Una vez concretados los fines de esta regulación legislativa derivada de la Directiva comunitaria, el ámbito de aplicación de la Ley se concreta según la propia definición de la Ley a las “emisiones de televisión realizadas por los operadores de televisión establecidos en España, o que, no estando bajo la jurisdicción de ningún país miembro de la Unión Europea”, se encuentren en alguno de los supuestos siguientes:
a) Cuando utilicen una frecuencia concedida por la Administración española,
b) Cuando, sin utilizar una frecuencia concedida por la Administración española o de otro estado miembro de la Unión europea, utilicen la capacidad de satélite cuya explotación se haya reservado a España,
c) Cuando sin utilizar una frecuencia concedida por la administración Española o por la de otro Estado miembro de la Unión Europea, ni la capacidad de satélite reservada a cualquiera de estos países, utilicen, para su conexión con el referido satélite, un enlace ascendente, situado en territorio español
Junto a lo anterior, de entre las modificaciones introducidas en la Directiva de 1989, se debe destacar que la definición del lugar de establecimiento del operador, se erige en uno de los elementos claves a la hora de conocer la aplicación o no de esta normativa a un determinado operador de televisión. Así se consideran establecidos en España aquellos operadores de televisión que cumplan alguna de las siguientes condiciones:
a) Que tengan su sede principal en España y las decisiones editoriales sobre la programación se adopten en territorio español o trabaje en él una parte significativa de su personal.
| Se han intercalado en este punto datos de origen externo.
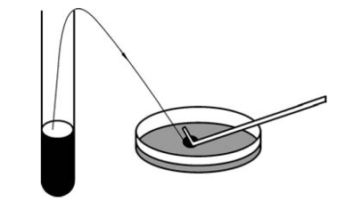 (2)L形玻璃棒:将直径为2~3 mm的玻璃棒一端弯成L形即成。L形玻璃棒在使用前必须灭菌,可用纸包扎高压蒸汽灭菌或临用前蘸取酒精在酒精灯外焰灼烧灭菌。L形玻璃棒主要用于涂布接种法。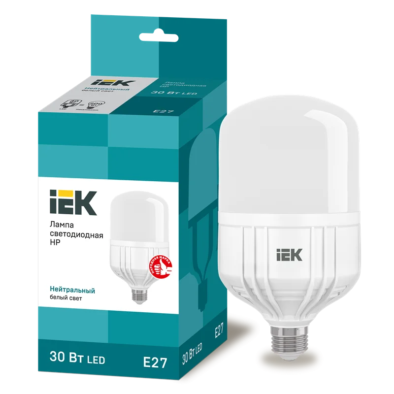 Лампа LED HP 30Вт 230В 4000К E27 IEK LLE-HP-30-230-40-E27

b) Que, teniendo su sede principal en otro país miembro de la Unión Europea, sin que trabaje en él, sino en España, una parte significativa de su personal, las decisiones editoriales sobre programación se adopten en este último país.
c) Que, teniendo su sede principal en España y adoptándose las decisiones editoriales sobre su programación en otro país miembro de la Unión Europea, o viceversa, y no trabajando en España ni ese otro país una parte significativa de su personal, hayan comenzado a emitir por primera vez desde España y mantengan un vínculo estable y efectivo con la economía española.
d) Que teniendo su sede principal en un país no miembro de la Unión Europea, las decisiones editoriales sobre programación de adopten en España y en este país trabaje una parte significativa de su personal.
Ahora bien, estamos hablando de televisión, debiendo entenderse por tal aquellas emisiones primarias, con o sin cable, por tierra o por satélite, codificada no, de programas televisados destinados al público.
La Ley específica, que este concepto de televisión comprende la comunicación de programas entre personas físicas o jurídicas, públicas o privadas, que tengan por finalidad la emisión de televisión destinada al público.
Por el contrario, en esta definición aquellos servicios de comunicaciones, prestados previa petición individual, cuya finalidad se a la aportación de elementos de información u otras prestaciones, como servicios de facsímil, bancos de datos electrónicos y otros servicios similares.
Cabe el hacerse la pregunta de hasta dónde llega el concepto de los “... otros servicios similares.”
Es claro que nos encontramos con una regulación más o menos precisa sobre los contenidos en el ámbito acotado hasta la fecha como televisión. Nos encontramos con limitaciones y ordenaciones de tiempos de emisión, forma de inserción de los mensajes comerciales en la televisión, porcentajes de productos a emitir en función de su nacionalidad de producción y junto con ello la publicidad consideradas como prohibidas y los contenidos a emitir en determinados horarios, pero. ¿Esta regulación es aplicable a los contenidos en Internet?. ¿Es aplicable esta normativa en el caso de que los contenidos fuesen
equiparables a lo que definimos hoy como televisión aún siendo difundidos por la Internet?